Además de las acciones gubernamentales, se requiere la participación de la sociedad civil a través de la construcción y propuesta de una agenda para el próximo gobierno. Es necesario y urgente el fortalecimiento del Centro Nacional para la Prevención y Control del VIH y el sida (CENSIDA), tanto en el ámbito administrativo, presupuestal, en capacidades técnicas, investigación, como en su alcance y cobertura. Es particularmente importante que el CENSIDA tenga una dirección específica de reducción de daños que coordine las acciones de prevención, atención y tratamiento para la población de personas que usan drogas.

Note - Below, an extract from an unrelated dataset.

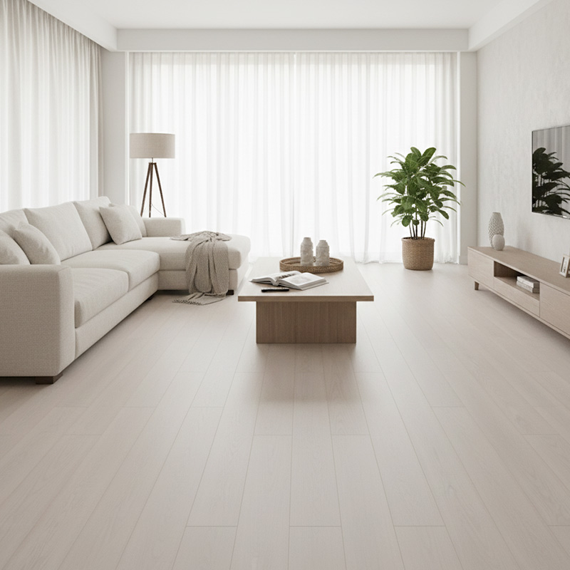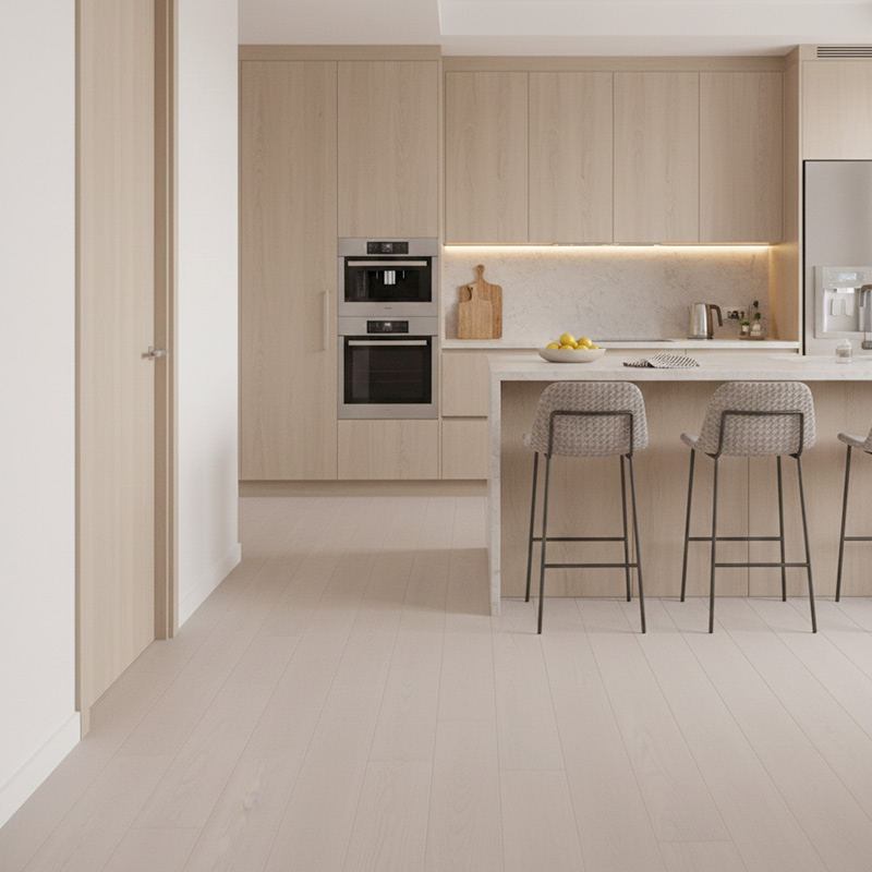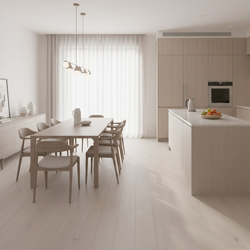 Bernera Supreme presents a carefully composed palette of contemporary French Oak tones, developed to enhance the natural elegance of its wide-plank format. The collection moves seamlessly across light neutral shades, soft architectural browns, Nordic-inspired hues, and understated refined greys — each selected to maintain tonal harmony and visual calm.

México es uno de los países que es parte de la Global Prevention Coalition (GPC) con lo que el gobierno se comprometió a redoblar esfuerzos en materia de prevención hacia el 2020. Para lograr las metas ambiciosas de la GPC se necesitará que el próximo gobierno aumente la inversión en prevención, principalmente en acciones estratégicas y basadas en evidencia hacia poblaciones clave. Finalmente, el CENSIDA y la Secretaría de Salud, necesitan reforzar la rectoría con otras instituciones del Sector Salud y el nivel estatal para que se acorten las grandes brechas que existen entre entidades actualmente.